Monday, Feb. 02, 1953
Chicken Soup on Sunday
BATTLE OF INDOCHINA
Where the Giang River divides French and Communist territory 220 miles south of Hanoi, the French have a watchtower. One morning last week a sentry in the Giang tower saw a group of people waving flags on the Communist side of the river, and a canoe patrol was sent across to investigate. The flag-wavers proved to be 56 men, women & children, all French, released after six years in a Viet Minh concentration camp.
They were French civil servants, soldiers, coffee and tea planters, and their families. The oldest was a woman of 82, the youngest a child of six months. Dressed in the coarse homespun of native peasants, they had a strange story to tell.

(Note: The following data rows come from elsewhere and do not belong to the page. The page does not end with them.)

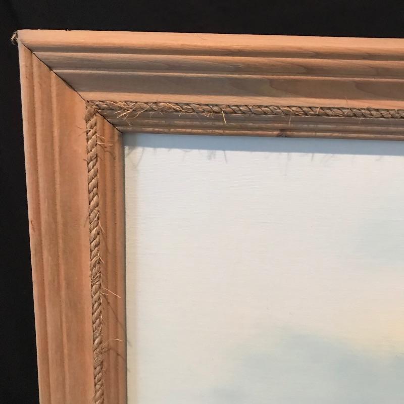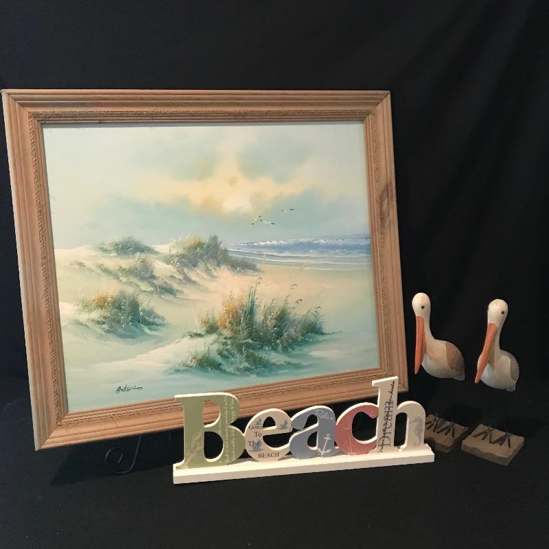 Lovely beach scene painted on canvas in a rope bordered wooden frame. Piece is signed and appears to be Antonio, see photos. Can not verify if it is an original or reproduction. Wooden frame measures 28” x 24”. Lot also brings you to the seaside with a pair of wooden pelicans and beach decor. See photos. Shipping available. Shipping art can be costly, please call UPS with dimensions at 828-252-6930 for a shipping quote prior to bidding.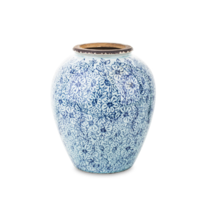 Niebieski ceramiczny wazon ze wzorem w kwiaty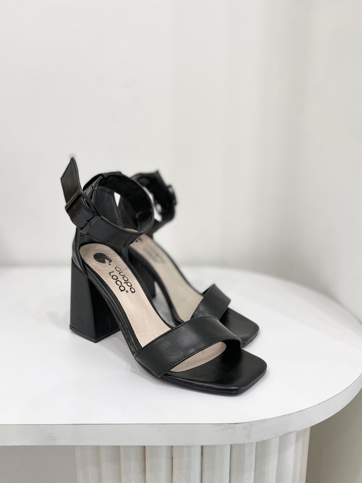 Sandalias de eco cuero con punta y taco cuadrado.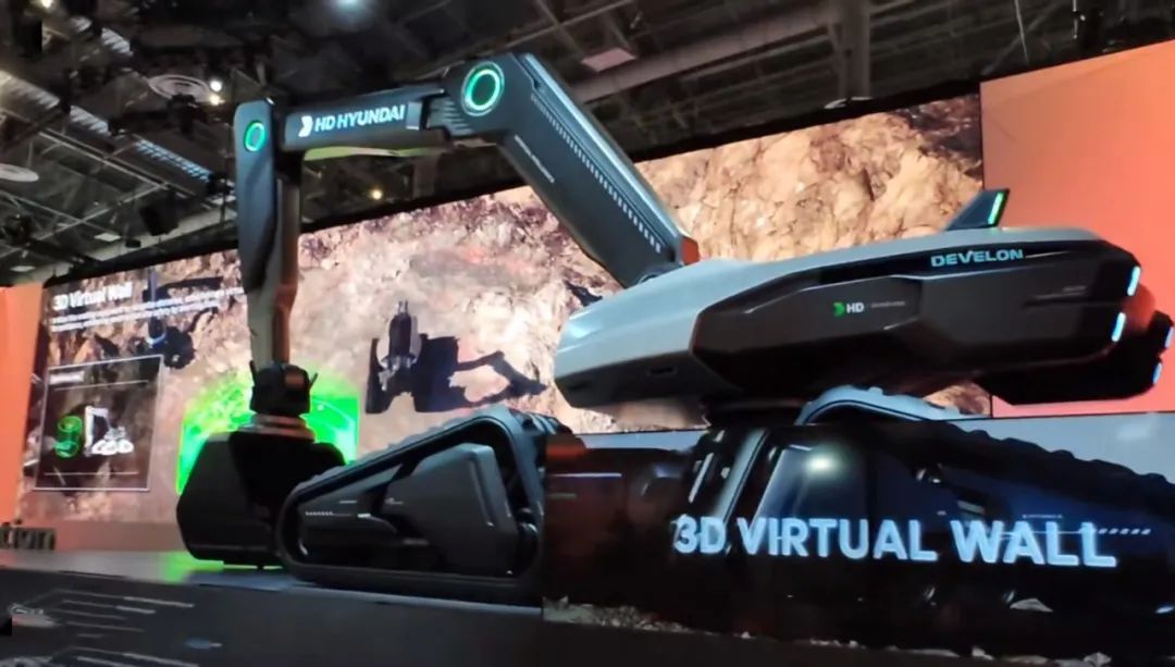 HD現代的展廳面積約為300平,由Future Xite 、Twin Xite 、Zero Xite三個主題組成。其中Future Xite,重點介紹了采用HD現代無人、自動化尖端技術的下一代建設現場的未來場景;Twin Xite重點介紹基于數字孿生技術的現場管制解決方案和遠程控制技術。現場展示的無人駕駛挖掘機是韓國現代智能建筑解決方案的核心產品之一。

When Communist Ho Chi Minh attempted to seize the government of Indo-China in December 1946, they had been roughly arrested and thrown into a camp in a sandy, sun-scorched mountain valley. They lived communally in four large huts, sleeping on bamboo camp beds. In the beginning, the camp was guarded by tough young Communist soldiers.
It was hungry country. The camp commandant and his officers kept for themselves part of the prisoners' slender rice rations. Twelve of the weakest prisoners died. The others planted a small garden of arrowroot, sweet potatoes and tobacco to add to their ration. Several French soldier and civilian bachelors married the elder daughters of other prisoners in ceremonies held without benefit of clergy. Each young couple then went to live in a tiny, palm-roofed home in the camp. Of the nine babies born in the camp, three died for want of milk, but six remained in good health, bringing the child population to 22. A Viet Minh doctor visited them twice in the six years of their internment, distributed some quinine pills and laxatives among the children.
As the war went on, without any sign of French collapse, the conditions in the camp became easier. The rough military guards were called away and their place taken by less unfriendly guards. The food ration was increased. There was rice every day and chicken soup on Sunday. The prisoners were allowed to exchange part of their rations against Communist currency, with which they could buy vegetables, pork and tobacco. The new guards attempted to re-educate their prisoners in Marxism, and organized Communist-style propaganda meetings.
One day last year a Viet Minh official, speaking excellent French, introduced himself to the prisoners as M. Chi, delegate of Ho Chi Minh's government. Solicitously he asked the prisoners to state their most urgent needs. Said Chi: "The French and the Vietnamese people are brothers." Then followed a distribution of blankets, mosquito nets and new clothes. Sentries were withdrawn and women prisoners were allowed to visit the village market.
Thenceforth on Saturday nights they got a theater show (with Marxist significance). On Jan. 10 the prisoners were suddenly told to pack up. Loaded on to river barges, they went southward along the coast of central Viet Nam. At every small village they were given a friendly welcome and, under cover of night, they met with the local Viet Minh. Said one white-haired Frenchman: "It seems that these people were truly glad to see us, poor and shabbily dressed as we were. Their former hate had turned to friendship."
In Hanoi the French High Command carefully analyzed the reports of the ex-prisoners. Was their release a gesture for peace? Or a new kind of Communist stratagem?